If you don’t establish a standard follow-up process, leads will end up slipping through the cracks. That’s easy money you’re leaving on the table.

Give your team a system for following up with leads, including timing, cadence, and contact method.

For example, you might say:

  • Every inbound lead is contacted within six hours or less
  • Every lead receives 10-12 touches spread out over one month
  • Every lead receives a variety of email, phone, and social media touches
  • Every touch includes new information or resources

A uniform follow-up strategy also helps your reps maintain clean pipelines by telling them when to disqualify prospects. If a prospect hasn’t responded by the last touch, they should be removed from the pipeline.

Assigning tasks to each and every lead is another way to shore up a leaky leads bucket. Require your reps to attach new tasks to opportunities whenever they complete the existing one, so they also have a defined action item. That might be “send meeting agenda,” “call again in three days,” “comment on two blog posts,” etc.

3) Allowing Your Pipeline to Get Messy 

Periodically cleaning up your pipeline is key if you want an accurate sales forecast. That’s because most forecasts use an opportunity’s stage to determine how likely it is to close — not its age.

Suppose you sent a proposal for a $2,000 deal to the buyer one month ago. He hasn’t returned any of your calls or emails since then, which suggests you’re not getting his business. However, since opportunities in the “negotiation” stage have a 90% close rate, your sales forecast would count this deal as $1,800 potential revenue in the next month.

That means your sales forecast is $1,800 off. And every stale deal will further widen the gap between expectations and reality.

How to Clean Up Your Sales Pipeline

1. Identify prospects who have been in your sales pipeline longer than your average sales cycle.

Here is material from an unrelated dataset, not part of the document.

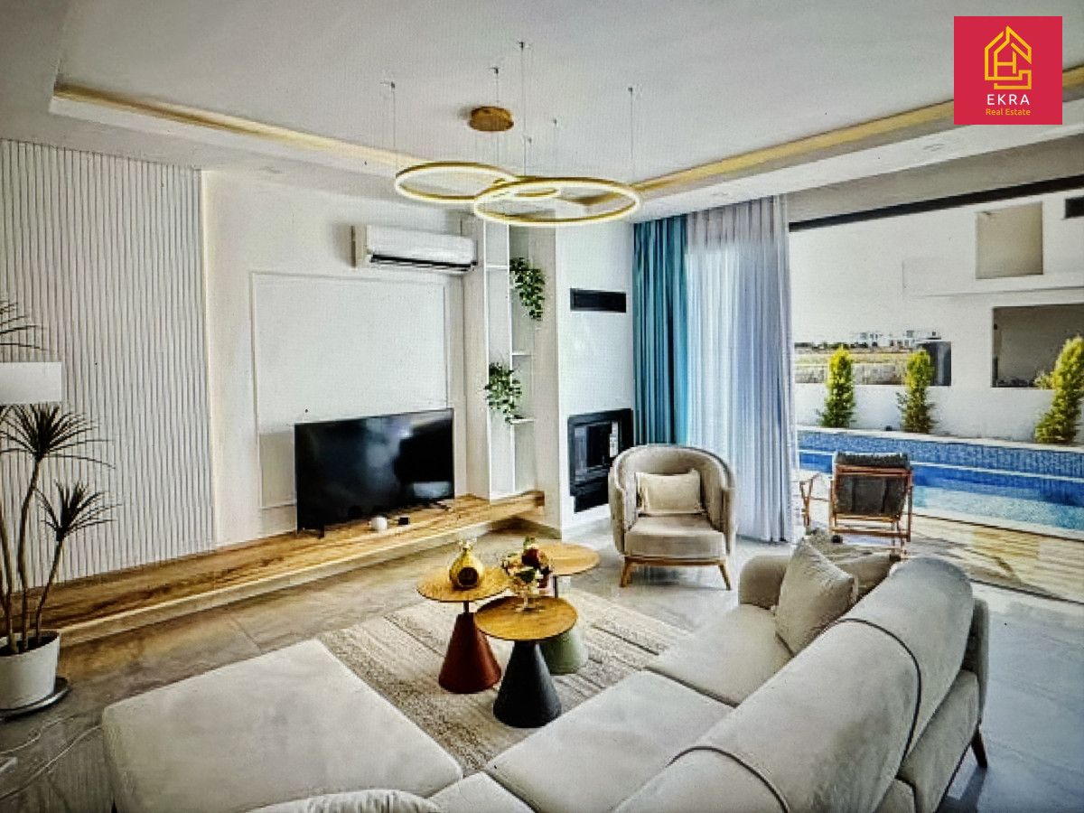 Na sprzedaż wyjątkowa, w pełni wykończona willa z prywatnym basenem, położona w nowoczesnym kompleksie mieszkaniowym w spokojnej i zielonej części Iskele - zaledwie 900 metrów od plaży i 15 minut jazdy od centrum Famagusty.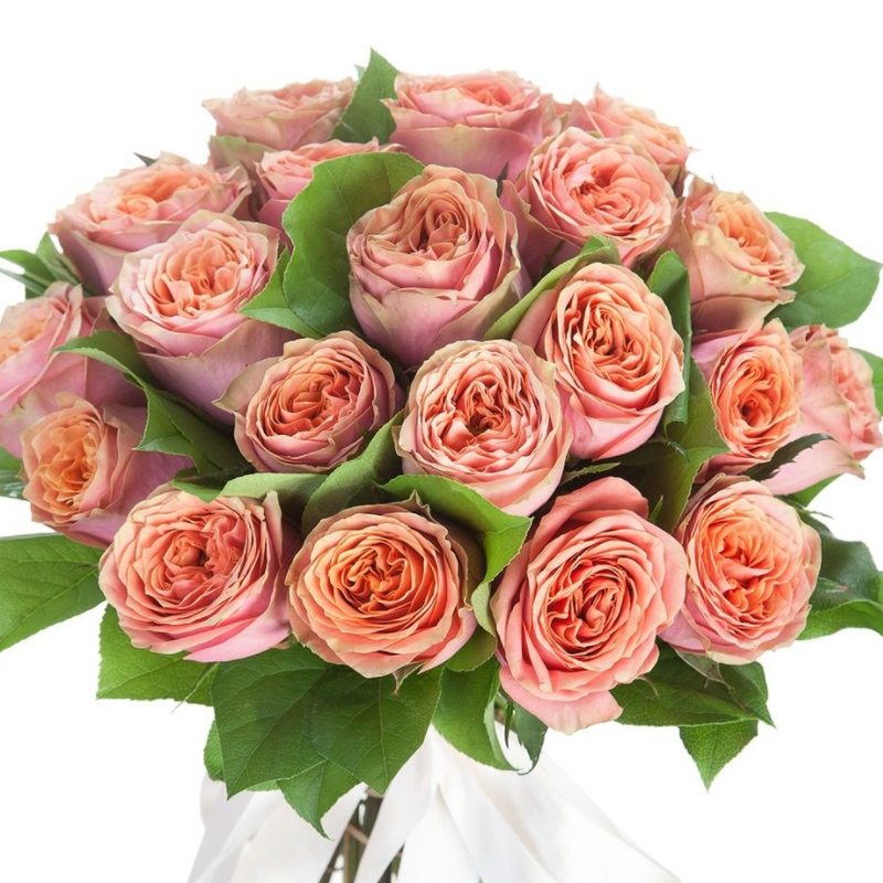 Букет состоит из 21 пионовидная роза, салал, прозрачная упаковка, атласная лента.

Use your judgment to determine whether they should be removed. For example, if you’re working with your champion to get the deal through their unusually complex legal review, you wouldn’t want to take that opportunity out — it might be taking more time than normal, but there’s a strong chance it will close.

2. Before you completely give up on a prospect, send them a sales breakup email. There are only three possible outcomes of a breakup email: They say they’re still interested, they say they’re not interested, or they don’t respond.

In the latter two scenarios, take them out of your pipeline. You can always put these contacts into a new list in your CRM, such as “Call back in one year.”

3. Make sure your data is up-to-date and accurate.

It’s sometimes necessary to move opportunities backwards in the sales pipeline. Maybe you previously identified the key stakeholders within the target account — but since then, two have left the company. You’ll need to move this deal back into the qualification stage until you identify the new decision maker.

In addition, verify close dates. Make sure they match up to your instincts; if the prospect says they’ll make a decision within the next two weeks, but she’s continually overestimated how quickly her team comes to a consensus, you should probably add a buffer to the close date.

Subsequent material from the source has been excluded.